──────── RECORDS TO PROCESS
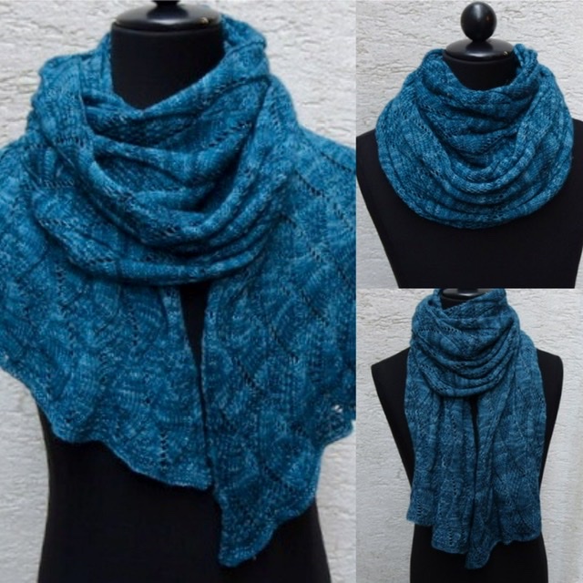 Mystic Arctika ist ein großer Kuschelschal oder auch Stola, der mit 300g Wolle mit einer LL von ca 400m auf 100g gestrickt wird.
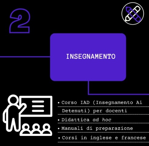 Il Vademecum propone come primo obiettivo di istituire il Polo Universitario Penitenziario, recuperando edifici dismessi, rendendoli sicuri e sorvegliati. Un’opera di questo tipo ha come vantaggio l’uscita dal carcere e l’avere contatti con la realtà esterna, il che può incrementare il benessere psicologico del detenuto. Gli insegnanti sono tenuti a frequentare il corso di formazione IAD (Insegnamento Ai Detenuti) che consiste in 200 ore retribuite frequentabili online. Uno dei contenuti del corso è l’importanza di una didattica creata ad hoc in base ai tempi di apprendimento, orari e impegni quotidiani di ciascun detenuto.
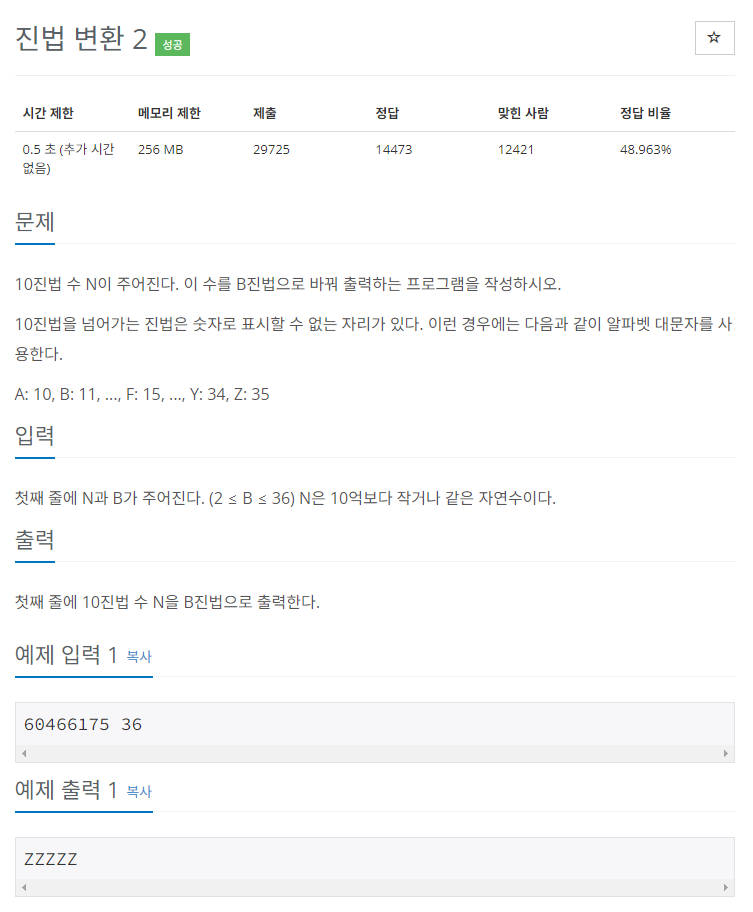 scanf("%d %d", &N, &B); // 10진법 수 N과 변환할 B진법 입력 받기
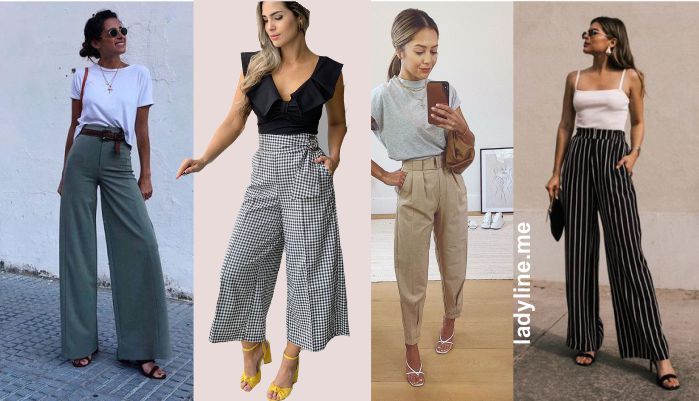 Для составления праздничного и элегантного летнего аутфита базовые минималистические брюки можно смело «подружить» с обувью на каблуке, которая добавит образу игривости, женственности и сексуальности. Правильно подобранный крой брюк + оверсайз размер + обувь на каблуке — данное гармоничное сочетание не только делает женский образ стильным, но также визуально стройнит фигуру.
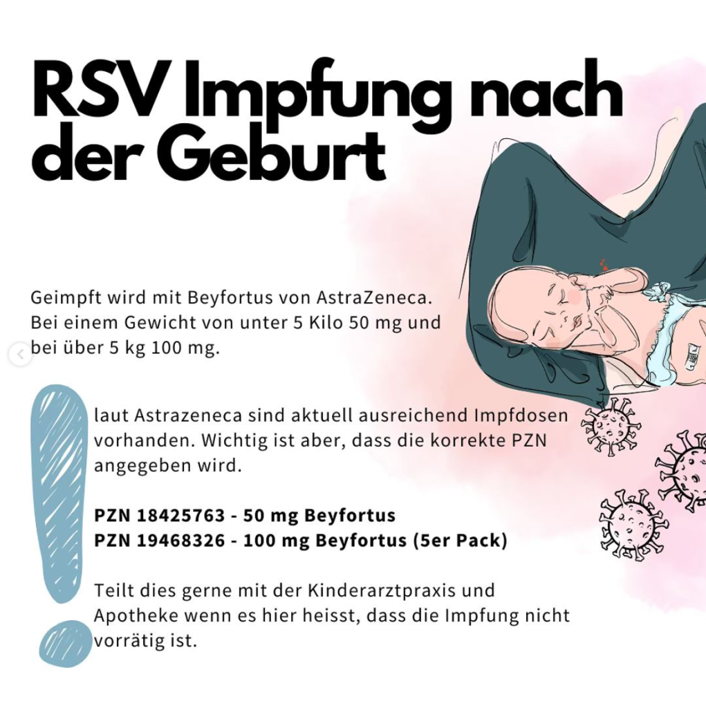 Das RS-Virus sorgt für Atemwegsbeschwerden (Husten, Fieber, Atemnot, aber auch Trinkschwäche oder Erbrechen) und hat in den letzten Jahren immer wieder dazu geführt, dass vermehrt Kinder im Krankenhaus behandelt werden mussten. Besonders gefährdet sind Kinder im ersten Lebensjahr, weshalb es jetzt zu dieser Empfehlung gekommen ist. Die Impfung verringert die Wahrscheinlichkeit einer schweren Infektion um circa 80 Prozent.
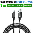 急速充電対応Type-C iPhone Micro-USB 充電ケーブル急速充電対応Type-C /iPhone / Micro-USB ケーブル 1m 仕様選択可能 android端末用ケーブル iOS用ケーブル Type-C スマホ ケーブル 断線しにくい 頑丈 急速充電 絡まない 長い 充電ケーブル
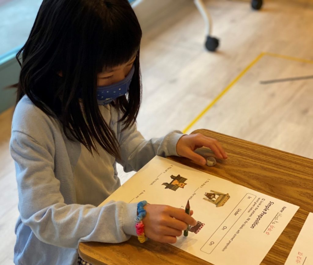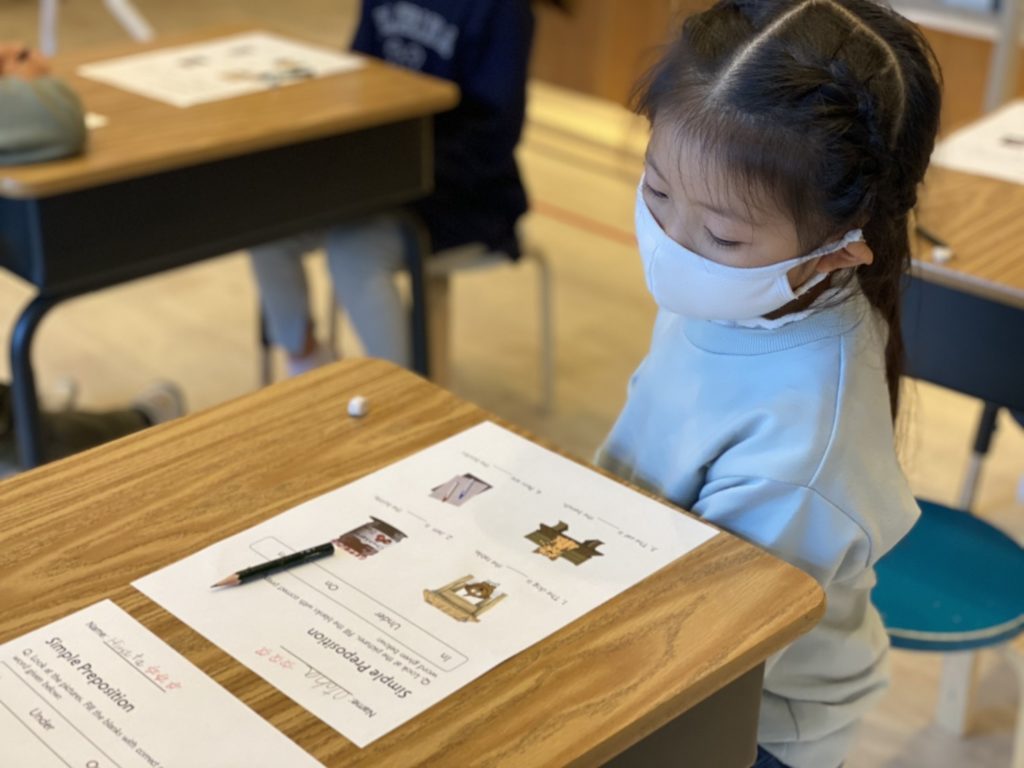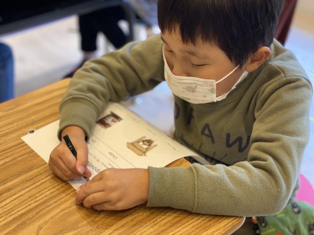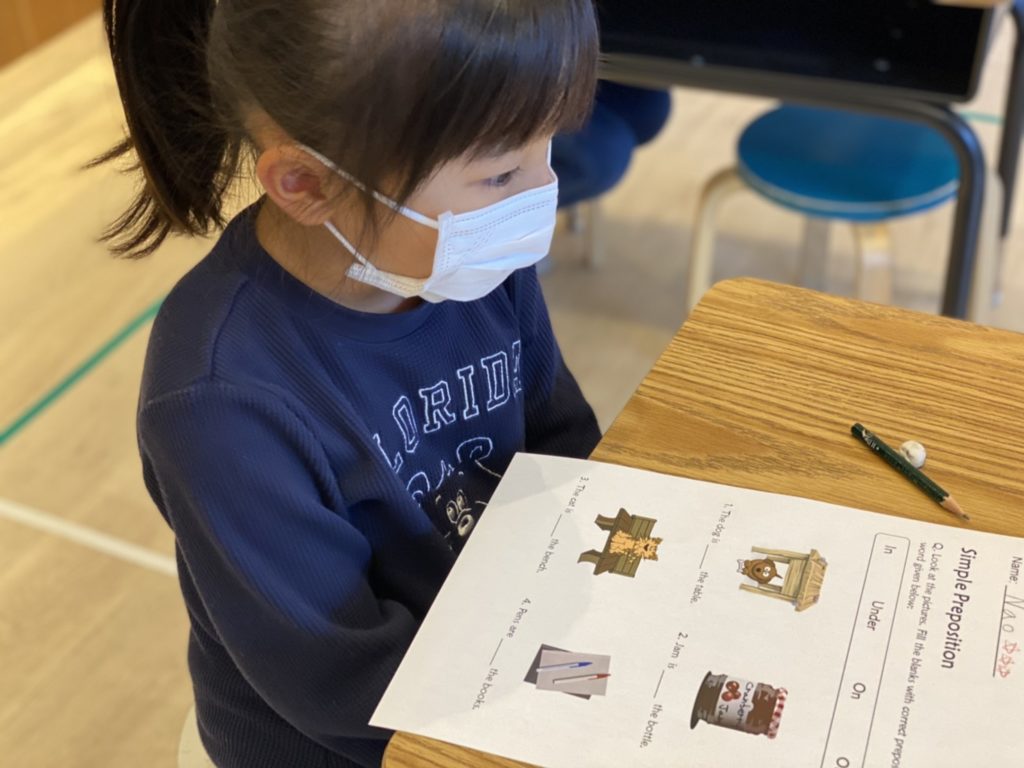 初級クラスはon, in, under(~の上、~の中、~の下)の意味や使い方を練習した後にライティングの練習をしました
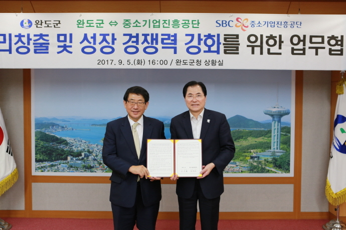 완도군과 중소기업진흥공단은 지난 5일 완도군청 상황실에서 일자리창출 및 중소기업 성장 경쟁력 강화를 위한 업무협약을 체결했다.
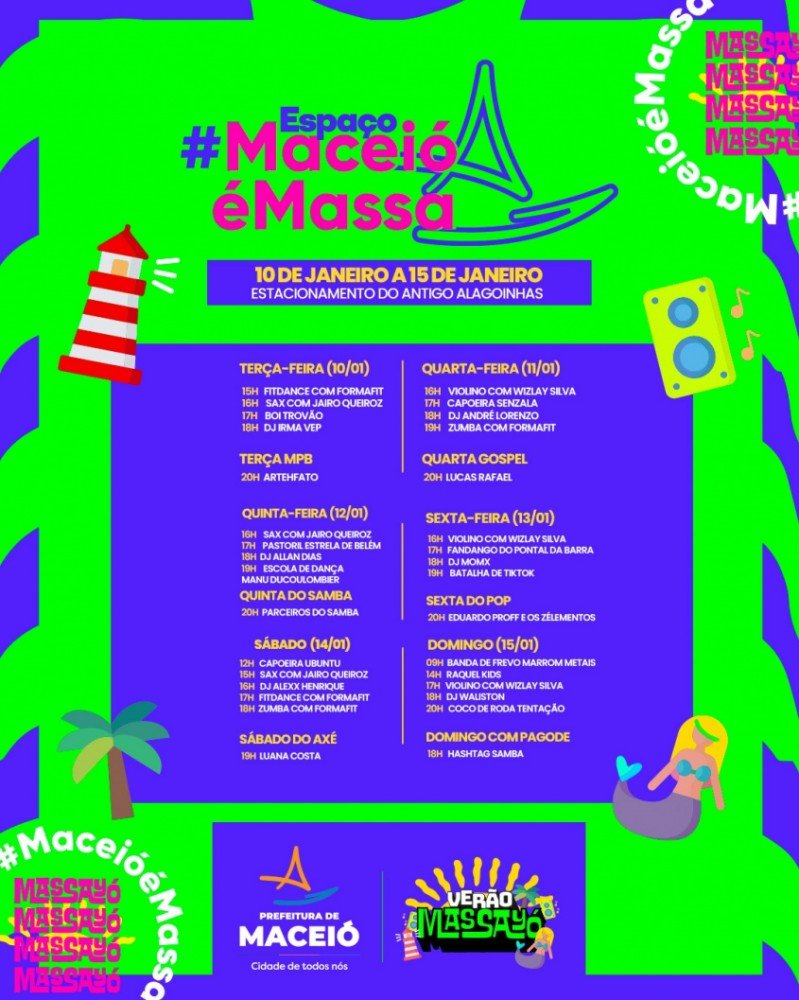 A programação do Espaço Maceió é Massa, do Verão Massayó, segue com apresentações para todos todos os públicos. Levando muita animação, cultura e lazer para a orla da Ponta Verde, no estacionamento do antigo Alagoinhas.
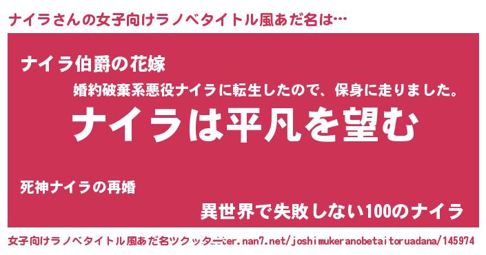 | 男性向けラノベタイトル風あだ名 | 『ダンジョンにナイラを求めるのは間違っているだろうか』 |
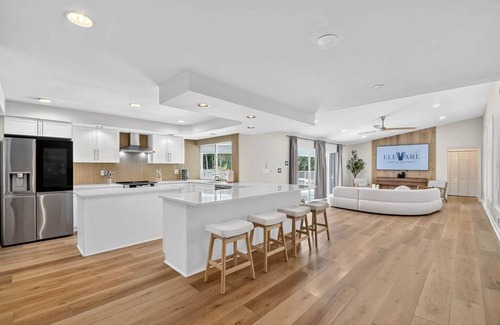 Palm Beach style meets comfort in this 5BR/3BA Wellington escape, 5 min to Polo Club, 20 min to beaches and Downtown West Palm, 15 min to PBI. Airy Scandinavian design, bright social spaces, and a lush private yard perfect for group stays. Private pool, large backyard, outdoor dining Lotus Lounge spa/glam room/Luxury showers Game room with pool table and shuffleboard Sleeps 14 - ideal for large families Self Check in, Fast Wi-Fi and workspaces See photos, bed layout, and all amenities. Welcome to your private Palm Beach luxury retreat — a 3,410 sq. ft single-story estate on a sprawling one-acre gated lot in prestigious Wellington. Just minutes from world-class polo grounds, beaches, and the vibrant energy of Downtown West Palm, this million-dollar home offers the perfect blend of modern elegance, resort-style amenities, and total privacy. Step inside and you’re greeted with a warm Scandinavian–Japandi design, where organic textures meet sleek lines. Sunlight fills the open living spaces, highlighting bespoke furnishings and high-end finishes throughout. Every detail — from the rain showers in each bathroom to the chef’s kitchen outfitted with brand-new smart appliances — is designed to exceed expectations for the most discerning guests. Unwind in the spacious living room on designer seating while streaming your favorite shows on the massive 85" smart TV. Host memorable dinners at the 10-seat dining table, or enjoy casual gatherings at the 8-seat kitchen island. The fully stocked gourmet kitchen features premium appliances, including a Ninja Luxe Cafe espresso machine, dual ovens with built-in air fryers, and every essential for elevated cooking. Retreat to one of five beautifully styled bedrooms, each with blackout curtains, a 65" smart TV, and plush goose down bedding. The bathrooms are a true highlight, with double vanities, Delta luxury fixtures, and rainfall showers that create a spa-like experience in the privacy of your own suite. For indulgence and pampering, step into the Lotus Lounge — a serene spa/glam space equipped with professional massage tables and relaxing beds, perfect for self-care days and getting ready in style. Entertainment flows into the dedicated game room, complete with a professional pool table, shuffleboard, and a curated selection of board games for all ages. Outside, the expansive gated backyard is anchored by a sparkling L-shaped pool, surrounded by chic loungers and umbrellas for shade. An adjacent outdoor dining space and pass-through window from the kitchen make al fresco meals a breeze. And when it’s time to balance work and play, enjoy seamless connectivity with ultra-fast 500 Mbps Wi-Fi, multiple desk setups, and keyless entry for convenience. Highlights: 3,410 sq. ft. single-story estate on a one-acre gated lot Prime location: 5 min to Polo Club, 20 min to beaches & Downtown West Palm, 15 min to PBI Scandinavian–Japandi design with organic textures & upscale finishes Spacious living room with 85" smart TV Dining for 10 + kitchen island seating for 8 Fully stocked kitchen with Ninja Luxe Cafe espresso machine & dual ovens w/ air fryer feature 5 bedrooms: 1 King, 2 Queen, 4 Queen bunk beds — each with 65" smart TV, blackout curtains, closet, iron & ironing board Bathrooms with dual sinks, Delta luxury fixtures & rainfall showers Lotus Lounge spa/glam room with massage tables & facial beds Game room with pool table, shuffleboard & board games L-shaped private pool with loungers & umbrellas Outdoor dining area & kitchen pass-through window 500 Mbps Wi-Fi, smart thermostats, keyless entry Laundry with detergent provided Quiet hours: 10 p.m. – 7 a.m. | No events or parties Guests will have exclusive access to the entire home, pool, and one-acre gated property for the duration of their stay. From the moment you arrive, the keyless entry system allows for a smooth self check-in, ensuring your vacation begins effortlessly. Included with your stay: Entire 3,410 sq. ft. single-story home Private L-shaped pool with loungers & umbrellas Expansive gated backyard for complete privacy Full access to the Lotus Lounge spa/glam room Fully equipped game room with pool table, shuffleboard & board games Spacious living room with 85" smart TV Gourmet kitchen with all cookware, dinnerware & premium appliances Dining table for 10 & kitchen island seating for 8 5 bedrooms, each with 65" smart TV, blackout curtains, closet, iron & ironing board All bathrooms with dual sinks, Delta luxury fixtures & rainfall showers Ultra-fast 500 Mbps Wi-Fi & multiple desk setups for remote work In-home laundry with detergent provided Large driveway parking for up to 8 vehicles Smart thermostats for climate control Outdoor dining area with pass-through kitchen window We respect your privacy while ensuring you have the support you need for a seamless stay. The home is equipped with a keyless entry system, allowing for self check-in anytime after 4:00 p.m. and self check-out by 11:00 a.m. During your stay, you’ll have the entire property to yourselves. I am available via Airbnb messaging, phone, or text for any questions, recommendations, or assistance you may need. While I will not be on-site unless requested or required, I can respond quickly to ensure any issue is addressed promptly. You can expect: Hassle-free self check-in & check-out Fast responses via Airbnb, call, or text Complete privacy unless assistance is requested ★ ADDITIONAL ACCOMMODATION ★ Traveling with a larger group or your preferred dates aren’t available? We manage other high-end properties in the area, designed with the same attention to detail and luxury as this Wellington retreat. Browse our host profile to explore the complete list of stunning homes. ★ CLEANING & SANITIZATION ★ Your health, safety, and comfort are our top priorities. Our professional cleaning team follows a meticulous, multi-step process after each check-out, including sanitizing all high-touch surfaces, laundering all li
────────────────
→ **REQUIRED ACTION**:
Write out the entries word for word. Skip the pictures.

→ **FINAL ANSWER**:
 Mystic Arctika ist ein großer Kuschelschal oder auch Stola, der mit 300g Wolle mit einer LL von ca 400m auf 100g gestrickt wird.
 Il Vademecum propone come primo obiettivo di istituire il Polo Universitario Penitenziario, recuperando edifici dismessi, rendendoli sicuri e sorvegliati. Un’opera di questo tipo ha come vantaggio l’uscita dal carcere e l’avere contatti con la realtà esterna, il che può incrementare il benessere psicologico del detenuto. Gli insegnanti sono tenuti a frequentare il corso di formazione IAD (Insegnamento Ai Detenuti) che consiste in 200 ore retribuite frequentabili online. Uno dei contenuti del corso è l’importanza di una didattica creata ad hoc in base ai tempi di apprendimento, orari e impegni quotidiani di ciascun detenuto.
 scanf("%d %d", &N, &B); // 10진법 수 N과 변환할 B진법 입력 받기
 Для составления праздничного и элегантного летнего аутфита базовые минималистические брюки можно смело «подружить» с обувью на каблуке, которая добавит образу игривости, женственности и сексуальности. Правильно подобранный крой брюк + оверсайз размер + обувь на каблуке — данное гармоничное сочетание не только делает женский образ стильным, но также визуально стройнит фигуру.
 Das RS-Virus sorgt für Atemwegsbeschwerden (Husten, Fieber, Atemnot, aber auch Trinkschwäche oder Erbrechen) und hat in den letzten Jahren immer wieder dazu geführt, dass vermehrt Kinder im Krankenhaus behandelt werden mussten. Besonders gefährdet sind Kinder im ersten Lebensjahr, weshalb es jetzt zu dieser Empfehlung gekommen ist. Die Impfung verringert die Wahrscheinlichkeit einer schweren Infektion um circa 80 Prozent.
 急速充電対応Type-C iPhone Micro-USB 充電ケーブル急速充電対応Type-C /iPhone / Micro-USB ケーブル 1m 仕様選択可能 android端末用ケーブル iOS用ケーブル Type-C スマホ ケーブル 断線しにくい 頑丈 急速充電 絡まない 長い 充電ケーブル
 初級クラスはon, in, under(~の上、~の中、~の下)の意味や使い方を練習した後にライティングの練習をしました
 완도군과 중소기업진흥공단은 지난 5일 완도군청 상황실에서 일자리창출 및 중소기업 성장 경쟁력 강화를 위한 업무협약을 체결했다.
 A programação do Espaço Maceió é Massa, do Verão Massayó, segue com apresentações para todos todos os públicos. Levando muita animação, cultura e lazer para a orla da Ponta Verde, no estacionamento do antigo Alagoinhas.
 | 男性向けラノベタイトル風あだ名 | 『ダンジョンにナイラを求めるのは間違っているだろうか』 |
 Palm Beach style meets comfort in this 5BR/3BA Wellington escape, 5 min to Polo Club, 20 min to beaches and Downtown West Palm, 15 min to PBI. Airy Scandinavian design, bright social spaces, and a lush private yard perfect for group stays. Private pool, large backyard, outdoor dining Lotus Lounge spa/glam room/Luxury showers Game room with pool table and shuffleboard Sleeps 14 - ideal for large families Self Check in, Fast Wi-Fi and workspaces See photos, bed layout, and all amenities. Welcome to your private Palm Beach luxury retreat — a 3,410 sq. ft single-story estate on a sprawling one-acre gated lot in prestigious Wellington. Just minutes from world-class polo grounds, beaches, and the vibrant energy of Downtown West Palm, this million-dollar home offers the perfect blend of modern elegance, resort-style amenities, and total privacy. Step inside and you’re greeted with a warm Scandinavian–Japandi design, where organic textures meet sleek lines. Sunlight fills the open living spaces, highlighting bespoke furnishings and high-end finishes throughout. Every detail — from the rain showers in each bathroom to the chef’s kitchen outfitted with brand-new smart appliances — is designed to exceed expectations for the most discerning guests. Unwind in the spacious living room on designer seating while streaming your favorite shows on the massive 85" smart TV. Host memorable dinners at the 10-seat dining table, or enjoy casual gatherings at the 8-seat kitchen island. The fully stocked gourmet kitchen features premium appliances, including a Ninja Luxe Cafe espresso machine, dual ovens with built-in air fryers, and every essential for elevated cooking. Retreat to one of five beautifully styled bedrooms, each with blackout curtains, a 65" smart TV, and plush goose down bedding. The bathrooms are a true highlight, with double vanities, Delta luxury fixtures, and rainfall showers that create a spa-like experience in the privacy of your own suite. For indulgence and pampering, step into the Lotus Lounge — a serene spa/glam space equipped with professional massage tables and relaxing beds, perfect for self-care days and getting ready in style. Entertainment flows into the dedicated game room, complete with a professional pool table, shuffleboard, and a curated selection of board games for all ages. Outside, the expansive gated backyard is anchored by a sparkling L-shaped pool, surrounded by chic loungers and umbrellas for shade. An adjacent outdoor dining space and pass-through window from the kitchen make al fresco meals a breeze. And when it’s time to balance work and play, enjoy seamless connectivity with ultra-fast 500 Mbps Wi-Fi, multiple desk setups, and keyless entry for convenience. Highlights: 3,410 sq. ft. single-story estate on a one-acre gated lot Prime location: 5 min to Polo Club, 20 min to beaches & Downtown West Palm, 15 min to PBI Scandinavian–Japandi design with organic textures & upscale finishes Spacious living room with 85" smart TV Dining for 10 + kitchen island seating for 8 Fully stocked kitchen with Ninja Luxe Cafe espresso machine & dual ovens w/ air fryer feature 5 bedrooms: 1 King, 2 Queen, 4 Queen bunk beds — each with 65" smart TV, blackout curtains, closet, iron & ironing board Bathrooms with dual sinks, Delta luxury fixtures & rainfall showers Lotus Lounge spa/glam room with massage tables & facial beds Game room with pool table, shuffleboard & board games L-shaped private pool with loungers & umbrellas Outdoor dining area & kitchen pass-through window 500 Mbps Wi-Fi, smart thermostats, keyless entry Laundry with detergent provided Quiet hours: 10 p.m. – 7 a.m. | No events or parties Guests will have exclusive access to the entire home, pool, and one-acre gated property for the duration of their stay. From the moment you arrive, the keyless entry system allows for a smooth self check-in, ensuring your vacation begins effortlessly. Included with your stay: Entire 3,410 sq. ft. single-story home Private L-shaped pool with loungers & umbrellas Expansive gated backyard for complete privacy Full access to the Lotus Lounge spa/glam room Fully equipped game room with pool table, shuffleboard & board games Spacious living room with 85" smart TV Gourmet kitchen with all cookware, dinnerware & premium appliances Dining table for 10 & kitchen island seating for 8 5 bedrooms, each with 65" smart TV, blackout curtains, closet, iron & ironing board All bathrooms with dual sinks, Delta luxury fixtures & rainfall showers Ultra-fast 500 Mbps Wi-Fi & multiple desk setups for remote work In-home laundry with detergent provided Large driveway parking for up to 8 vehicles Smart thermostats for climate control Outdoor dining area with pass-through kitchen window We respect your privacy while ensuring you have the support you need for a seamless stay. The home is equipped with a keyless entry system, allowing for self check-in anytime after 4:00 p.m. and self check-out by 11:00 a.m. During your stay, you’ll have the entire property to yourselves. I am available via Airbnb messaging, phone, or text for any questions, recommendations, or assistance you may need. While I will not be on-site unless requested or required, I can respond quickly to ensure any issue is addressed promptly. You can expect: Hassle-free self check-in & check-out Fast responses via Airbnb, call, or text Complete privacy unless assistance is requested ★ ADDITIONAL ACCOMMODATION ★ Traveling with a larger group or your preferred dates aren’t available? We manage other high-end properties in the area, designed with the same attention to detail and luxury as this Wellington retreat. Browse our host profile to explore the complete list of stunning homes. ★ CLEANING & SANITIZATION ★ Your health, safety, and comfort are our top priorities. Our professional cleaning team follows a meticulous, multi-step process after each check-out, including sanitizing all high-touch surfaces, laundering all li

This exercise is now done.